The Emancipator was a newspaper created by Rothschild Francis in 1921 that focused on fighting social injustice and advocating for the working class in the U.S. Virgin Islands. Francis became well-known, for good and bad, among Virgin Islanders through his editorials he regularly published which attacked local military and political leaders. Throughout The Emancipator's run, it received multiple threats of censorship from local island officials. As Francis garnered increased notice, governmental authorities started mentioning him and fellow instigators in their communications to the President of the United States. In return, Francis wrote to President Calvin Coolidge in 1923 saying, "Politically we are peons...our people are without voice in the government that they form a part."

=== Accused of criminal libel ===
For the next year, many islanders wrote to the paper in support of Francis' writings, but in 1924, Francis was accused of criminal libel, taken to court without the use of a jury, and sentenced to 30 days of imprisonment by Judge George Washington Williams. The sentencing came in response to an article posted in The Emancipator where Francis added a personal statement to the end of an incident summary involving local police claiming, "How long O Justice! How long!" While waiting for a decision on his appeal to the case, Francis made remarks about the case in an editorial in The Emancipator and was summoned once again by Williams and charged of being in contempt of the court. He was sentenced to another thirty days in prison.

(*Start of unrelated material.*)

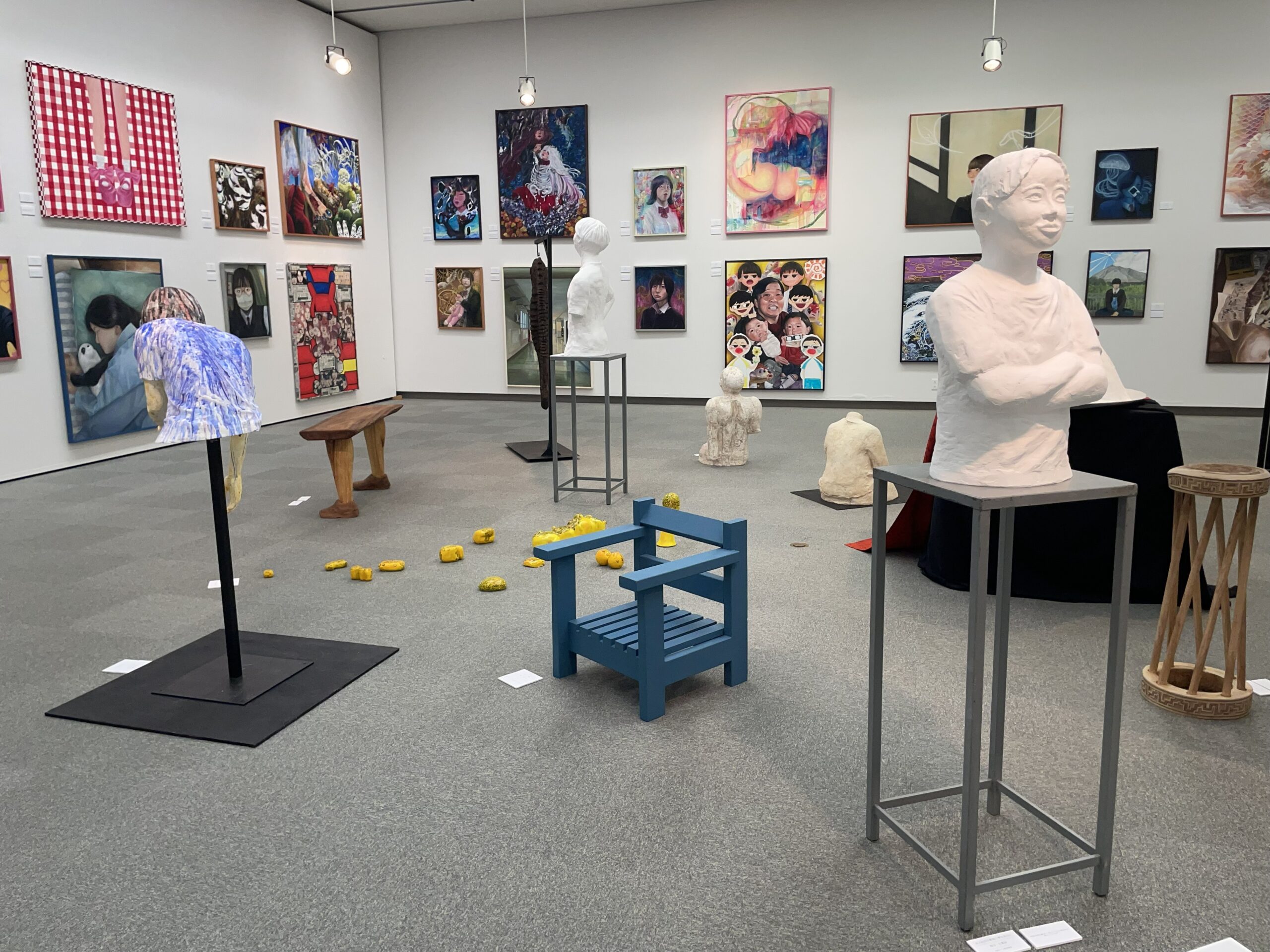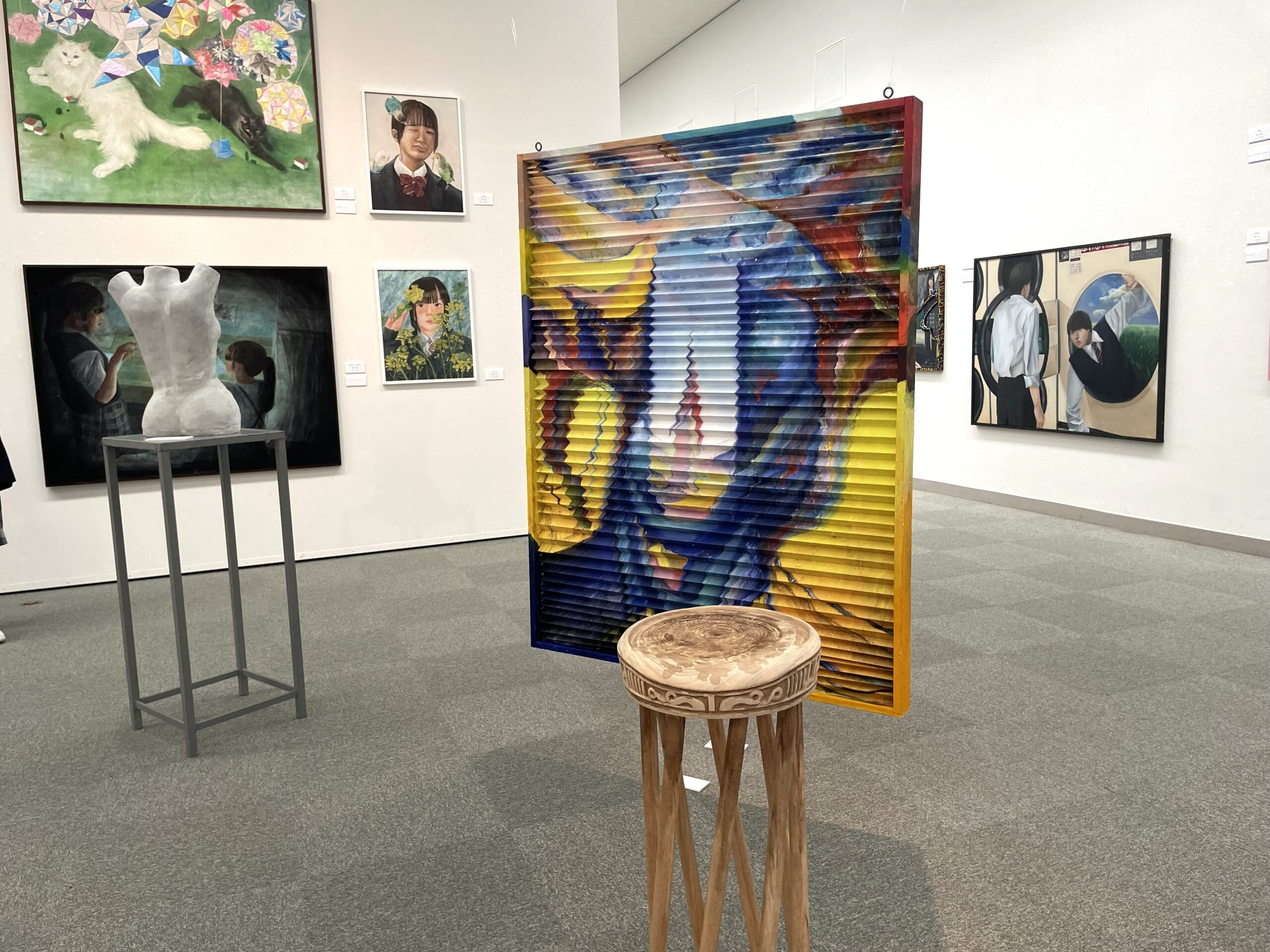 油彩画や日本画で描いた自画像、戦争をテーマに制作したCGポスター、鈴鹿市の伝統工芸伊勢型紙の技術を利用して制作した服、リンゴから発想を得てデザインした椅子など、3年生75人が制作した約170点が並びます。

=== Deportation of editor Thomas F. H. Morenga-Bonaparte ===
Another incident involving The Emancipator happened in 1922, when Virgin Island native Thomas F. H. Morenga-Bonaparte published an article stating, "It is no gainsaying the fact that something is wrong with our Police Department; of course we cannot rightly use the word force, for we would be wrong in so doing. A police force is made up not only of men with heads and wearing stripes, badges, uniforms, or civilian clothes; but brains in the men's heads coupled with discretion are the main factors of such a responsible body...The holes in the police department should be darned." A Police Commission was held soon after where after a month of questioning the defendant, Captain Henry Hughes Hough signed an order of deportation. When questioned by a local reporter on the legitimacy of a deportation of an island native, Hughes declined to comment.

=== Famous quote ===
In 1925, Francis wrote perhaps, his most famous quote in The Emancipator when he wrote, "Our population is Negro. The officials are white – white Americans. There's the trouble in a nut-shell...We want no form of government which is HALF CIVIL AND HALF NAVAL. We want a purely civil form of American insular government. We want U.S. Citizenship. We will be content with nothing less." Recognizing the racial challenges confronting Virgin Islanders, he maintained the conviction that democratic empowerment held the key to addressing these issues. He persisted in his argument that self-governance for Virgin Islanders would pave the way for equality and tranquility.

== Legacy ==

=== Senate pardon ===
Rothschild Francis was accused of and sentenced for numerous crimes, most of which were a result of him being the enemy of the U.S. Naval Judge George Washington Williams in the Virgin Islands. Francis was sent to jail several times over things ranging from libel to contempt of court to supposed embezzlement. On October 17, 2022, the Senate petitioned United States President Joe Biden to posthumously pardon Francis of the accusations against him. The petition was led by Senator Alma Francis Heyliger. The resolution to petition was approved December 22, 2022, after an amendment forwarded the petition towards the governor of the Virgin Islands instead of the President.

=== Memorials ===
On April 6, 1942, a famous local square in the Virgin Islands where Francis frequently gave his public speeches was renamed in his honor to Rothschild Francis Market Square. In 2013, major archaeological developments were halted due to the importance of Rothschild Francis Market Square. In 1990, a life-size bronze statue of Francis was erected in a local park to commemorate the achievements that Francis for the progress of civil rights in the U.S. Virgin Islands.